Instruction for the entries below: return the part that opens with the line containing "[뉴스다컴] 지난 18일" and closes with the line containing "斯科爾斯在社交媒體發(fā)", exactly, and no pictures.

### EXERCISE INPUT
____

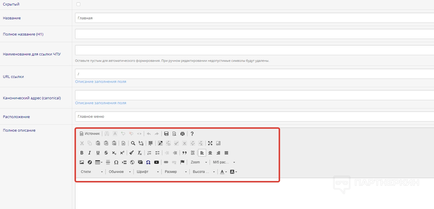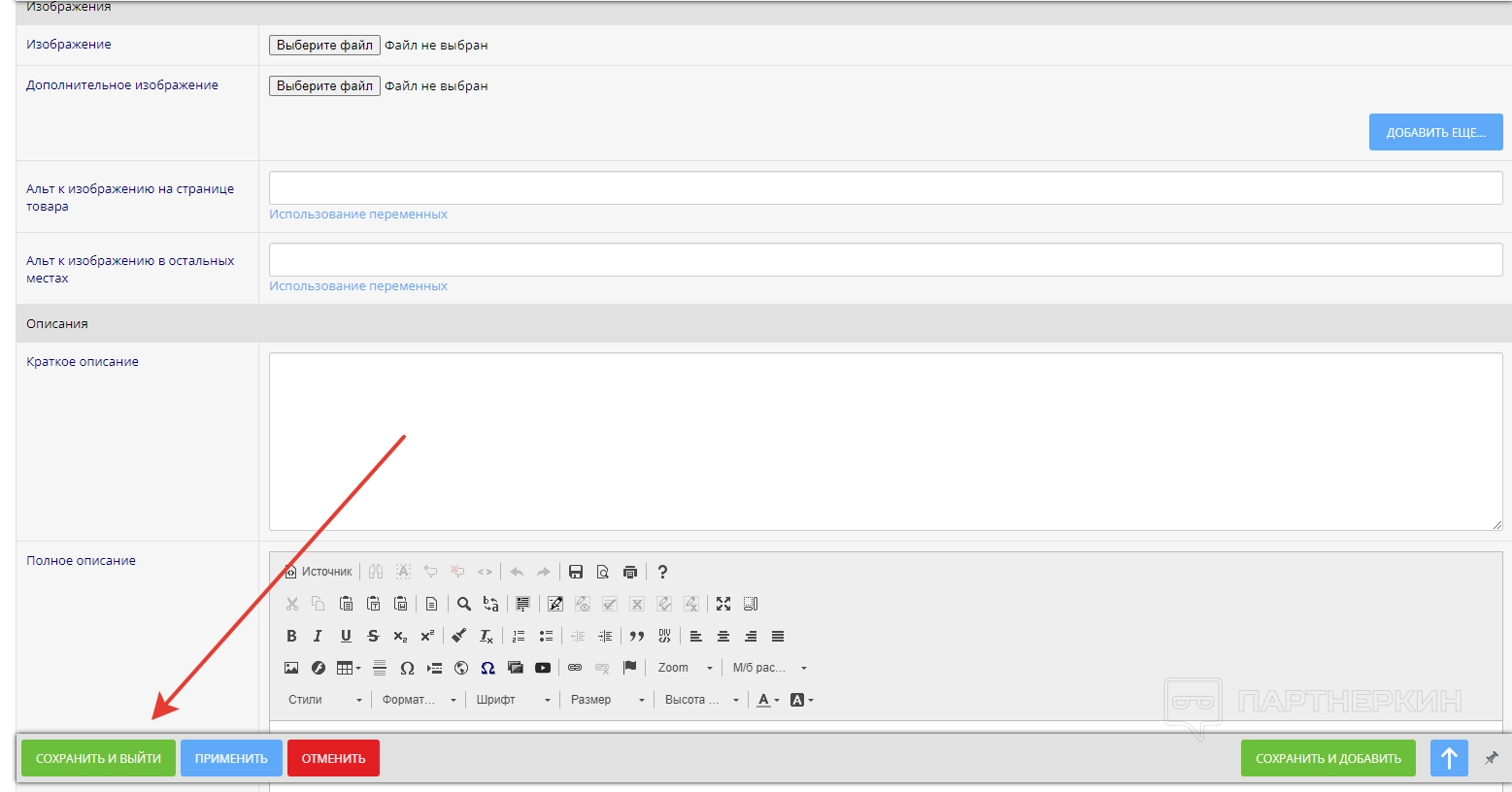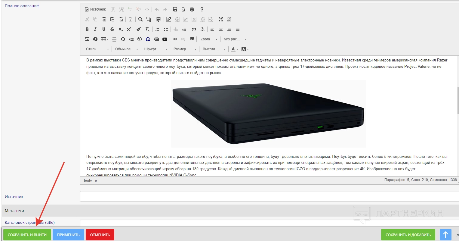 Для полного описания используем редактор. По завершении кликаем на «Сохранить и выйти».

____

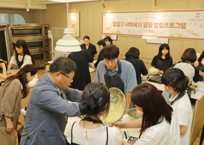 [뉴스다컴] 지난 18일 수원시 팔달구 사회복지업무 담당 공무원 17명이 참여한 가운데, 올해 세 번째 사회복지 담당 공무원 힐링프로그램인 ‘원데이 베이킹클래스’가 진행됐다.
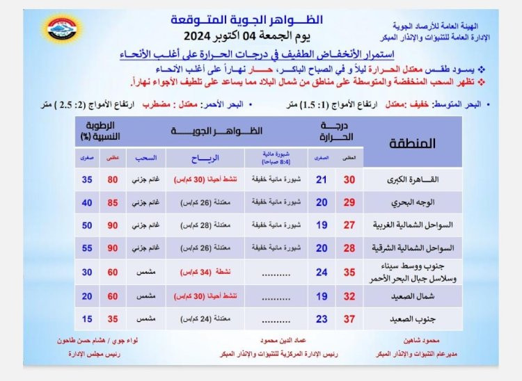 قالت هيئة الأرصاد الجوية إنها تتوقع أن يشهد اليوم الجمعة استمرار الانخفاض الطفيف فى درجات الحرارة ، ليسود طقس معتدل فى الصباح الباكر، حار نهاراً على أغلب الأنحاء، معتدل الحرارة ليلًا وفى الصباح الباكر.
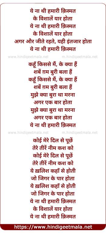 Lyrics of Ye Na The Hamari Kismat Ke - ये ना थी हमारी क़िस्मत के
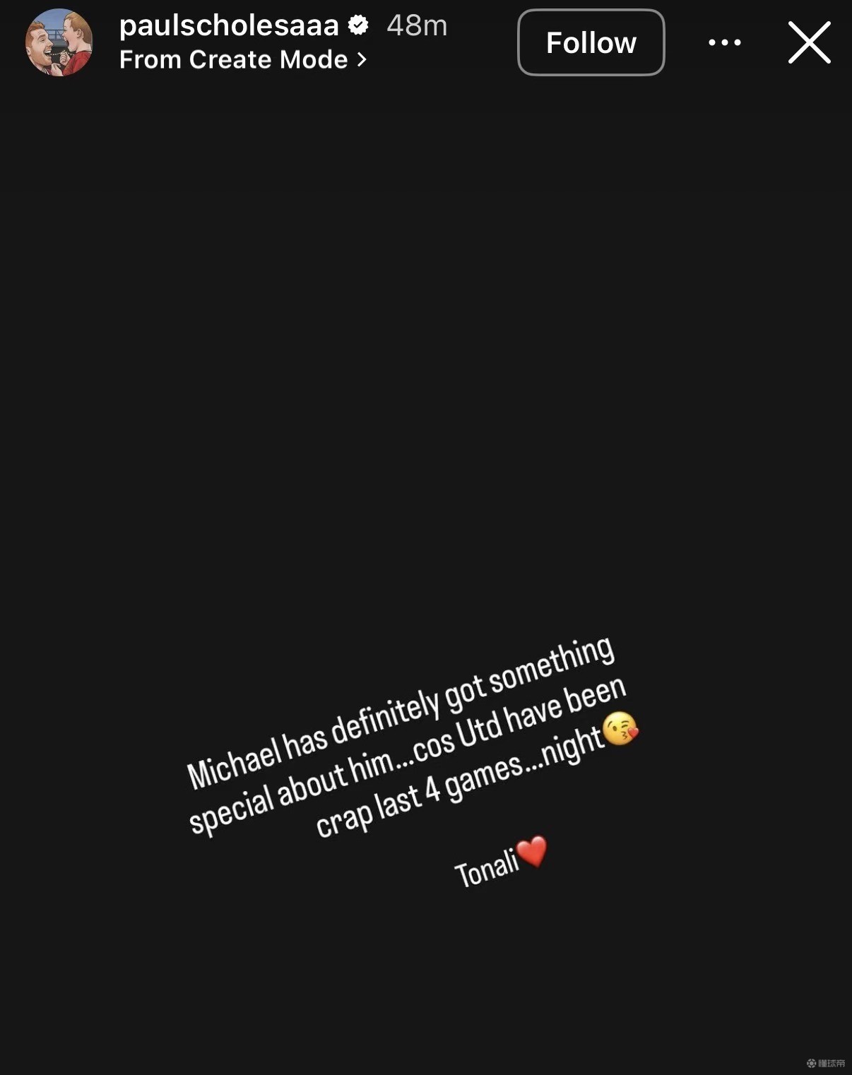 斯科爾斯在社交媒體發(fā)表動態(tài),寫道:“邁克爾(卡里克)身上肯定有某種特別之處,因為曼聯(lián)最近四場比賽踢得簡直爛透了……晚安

____

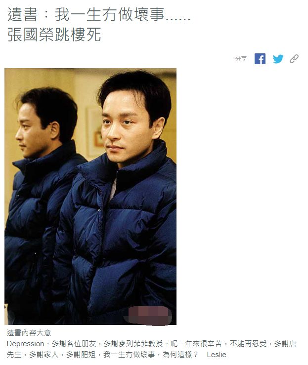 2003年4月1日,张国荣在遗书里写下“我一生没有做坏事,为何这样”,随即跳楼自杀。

____

### TASK SOLUTION
 [뉴스다컴] 지난 18일 수원시 팔달구 사회복지업무 담당 공무원 17명이 참여한 가운데, 올해 세 번째 사회복지 담당 공무원 힐링프로그램인 ‘원데이 베이킹클래스’가 진행됐다.
 قالت هيئة الأرصاد الجوية إنها تتوقع أن يشهد اليوم الجمعة استمرار الانخفاض الطفيف فى درجات الحرارة ، ليسود طقس معتدل فى الصباح الباكر، حار نهاراً على أغلب الأنحاء، معتدل الحرارة ليلًا وفى الصباح الباكر.
 Lyrics of Ye Na The Hamari Kismat Ke - ये ना थी हमारी क़िस्मत के
 斯科爾斯在社交媒體發(fā)表動態(tài),寫道:“邁克爾(卡里克)身上肯定有某種特別之處,因為曼聯(lián)最近四場比賽踢得簡直爛透了……晚安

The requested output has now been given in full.